# YOUR INSTRUCTIONS:
Report each line from the entries in which "over" can be found.

# ENTRIES SUPPLIED:
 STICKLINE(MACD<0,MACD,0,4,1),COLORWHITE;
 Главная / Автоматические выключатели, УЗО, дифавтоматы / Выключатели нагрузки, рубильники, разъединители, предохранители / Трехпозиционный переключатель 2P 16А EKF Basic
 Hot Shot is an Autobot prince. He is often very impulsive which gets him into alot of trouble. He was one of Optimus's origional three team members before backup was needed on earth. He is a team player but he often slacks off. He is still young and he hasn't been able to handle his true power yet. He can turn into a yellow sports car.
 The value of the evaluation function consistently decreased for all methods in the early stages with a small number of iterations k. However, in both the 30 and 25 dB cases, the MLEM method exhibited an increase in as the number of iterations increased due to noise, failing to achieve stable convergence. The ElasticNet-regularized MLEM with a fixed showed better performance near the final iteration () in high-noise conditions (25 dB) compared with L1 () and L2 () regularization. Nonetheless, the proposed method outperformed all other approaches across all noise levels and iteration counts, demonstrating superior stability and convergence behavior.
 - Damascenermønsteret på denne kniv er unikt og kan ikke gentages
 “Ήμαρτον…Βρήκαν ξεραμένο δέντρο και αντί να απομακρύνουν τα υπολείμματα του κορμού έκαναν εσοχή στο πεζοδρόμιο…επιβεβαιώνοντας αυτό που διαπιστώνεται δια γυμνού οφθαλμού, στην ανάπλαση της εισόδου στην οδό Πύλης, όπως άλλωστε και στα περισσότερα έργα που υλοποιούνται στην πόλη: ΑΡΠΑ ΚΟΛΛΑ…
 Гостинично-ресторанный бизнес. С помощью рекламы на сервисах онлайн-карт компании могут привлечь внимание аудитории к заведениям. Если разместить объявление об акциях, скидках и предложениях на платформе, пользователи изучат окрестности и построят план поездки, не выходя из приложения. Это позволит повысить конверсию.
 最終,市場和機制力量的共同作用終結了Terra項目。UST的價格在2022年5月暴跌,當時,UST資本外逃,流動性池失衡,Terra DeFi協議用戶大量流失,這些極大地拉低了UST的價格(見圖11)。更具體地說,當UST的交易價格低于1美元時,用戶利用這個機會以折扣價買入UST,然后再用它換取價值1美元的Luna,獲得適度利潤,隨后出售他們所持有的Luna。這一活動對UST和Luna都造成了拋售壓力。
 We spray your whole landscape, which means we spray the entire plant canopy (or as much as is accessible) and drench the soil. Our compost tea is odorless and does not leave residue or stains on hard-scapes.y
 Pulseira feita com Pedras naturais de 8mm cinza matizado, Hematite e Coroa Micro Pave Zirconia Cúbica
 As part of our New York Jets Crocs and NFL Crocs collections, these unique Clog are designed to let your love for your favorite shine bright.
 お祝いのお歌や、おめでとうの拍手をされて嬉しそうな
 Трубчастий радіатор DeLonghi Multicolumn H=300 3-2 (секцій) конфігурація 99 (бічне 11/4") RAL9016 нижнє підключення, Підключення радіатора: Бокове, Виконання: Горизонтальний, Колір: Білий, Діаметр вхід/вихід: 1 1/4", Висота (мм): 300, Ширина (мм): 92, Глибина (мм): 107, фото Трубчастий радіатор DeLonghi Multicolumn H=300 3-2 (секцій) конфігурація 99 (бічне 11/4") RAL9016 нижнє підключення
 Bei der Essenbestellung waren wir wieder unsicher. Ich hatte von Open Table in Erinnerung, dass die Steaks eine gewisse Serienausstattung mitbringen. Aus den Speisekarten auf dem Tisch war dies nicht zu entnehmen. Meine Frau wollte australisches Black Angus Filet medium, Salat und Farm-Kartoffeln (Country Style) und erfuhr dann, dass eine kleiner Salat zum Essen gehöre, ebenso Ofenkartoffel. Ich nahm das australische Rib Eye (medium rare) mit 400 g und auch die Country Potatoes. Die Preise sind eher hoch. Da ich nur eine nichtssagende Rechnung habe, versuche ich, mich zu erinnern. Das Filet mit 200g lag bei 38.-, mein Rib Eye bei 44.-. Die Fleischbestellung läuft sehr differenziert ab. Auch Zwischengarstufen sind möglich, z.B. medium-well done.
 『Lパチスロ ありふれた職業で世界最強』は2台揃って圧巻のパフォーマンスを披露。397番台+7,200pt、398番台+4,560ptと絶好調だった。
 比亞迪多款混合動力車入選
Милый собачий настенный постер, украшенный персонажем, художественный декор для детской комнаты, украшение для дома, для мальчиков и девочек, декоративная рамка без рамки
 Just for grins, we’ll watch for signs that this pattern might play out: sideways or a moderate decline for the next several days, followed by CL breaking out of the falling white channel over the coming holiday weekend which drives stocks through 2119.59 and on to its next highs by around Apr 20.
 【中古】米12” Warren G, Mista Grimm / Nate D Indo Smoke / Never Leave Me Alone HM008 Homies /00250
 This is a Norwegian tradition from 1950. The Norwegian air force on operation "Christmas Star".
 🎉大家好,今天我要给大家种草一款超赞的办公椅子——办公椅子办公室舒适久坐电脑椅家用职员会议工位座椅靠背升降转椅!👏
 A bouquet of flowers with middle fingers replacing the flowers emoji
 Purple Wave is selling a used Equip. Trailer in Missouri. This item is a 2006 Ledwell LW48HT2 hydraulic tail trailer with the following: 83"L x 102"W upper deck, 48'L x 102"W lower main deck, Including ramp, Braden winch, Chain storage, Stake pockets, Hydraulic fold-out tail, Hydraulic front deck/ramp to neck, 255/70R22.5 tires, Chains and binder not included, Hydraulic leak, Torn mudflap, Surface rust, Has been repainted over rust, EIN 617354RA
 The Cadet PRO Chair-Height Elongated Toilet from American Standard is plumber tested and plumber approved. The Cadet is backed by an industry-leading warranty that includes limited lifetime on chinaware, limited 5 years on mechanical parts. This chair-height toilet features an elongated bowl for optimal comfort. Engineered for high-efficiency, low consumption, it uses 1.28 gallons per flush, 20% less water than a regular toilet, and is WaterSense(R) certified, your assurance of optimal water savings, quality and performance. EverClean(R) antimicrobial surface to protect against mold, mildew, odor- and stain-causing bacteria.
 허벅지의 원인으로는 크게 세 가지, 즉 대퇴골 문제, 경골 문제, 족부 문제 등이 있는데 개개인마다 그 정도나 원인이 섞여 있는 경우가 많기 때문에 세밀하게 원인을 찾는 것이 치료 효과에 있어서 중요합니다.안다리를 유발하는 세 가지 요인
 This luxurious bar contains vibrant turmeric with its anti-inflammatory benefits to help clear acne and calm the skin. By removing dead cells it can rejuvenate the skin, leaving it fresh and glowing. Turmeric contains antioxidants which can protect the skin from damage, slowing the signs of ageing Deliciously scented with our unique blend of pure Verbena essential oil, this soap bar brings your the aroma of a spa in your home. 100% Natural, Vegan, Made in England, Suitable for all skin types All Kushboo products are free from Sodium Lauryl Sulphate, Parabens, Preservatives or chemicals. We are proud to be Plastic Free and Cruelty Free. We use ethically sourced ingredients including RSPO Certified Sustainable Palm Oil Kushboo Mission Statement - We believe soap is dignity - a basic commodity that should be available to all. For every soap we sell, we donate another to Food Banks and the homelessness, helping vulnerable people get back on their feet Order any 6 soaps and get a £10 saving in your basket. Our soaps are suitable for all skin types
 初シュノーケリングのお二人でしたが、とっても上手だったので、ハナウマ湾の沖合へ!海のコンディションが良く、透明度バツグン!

# TASK SOLUTION:
 Just for grins, we’ll watch for signs that this pattern might play out: sideways or a moderate decline for the next several days, followed by CL breaking out of the falling white channel over the coming holiday weekend which drives stocks through 2119.59 and on to its next highs by around Apr 20.
 Purple Wave is selling a used Equip. Trailer in Missouri. This item is a 2006 Ledwell LW48HT2 hydraulic tail trailer with the following: 83"L x 102"W upper deck, 48'L x 102"W lower main deck, Including ramp, Braden winch, Chain storage, Stake pockets, Hydraulic fold-out tail, Hydraulic front deck/ramp to neck, 255/70R22.5 tires, Chains and binder not included, Hydraulic leak, Torn mudflap, Surface rust, Has been repainted over rust, EIN 617354RA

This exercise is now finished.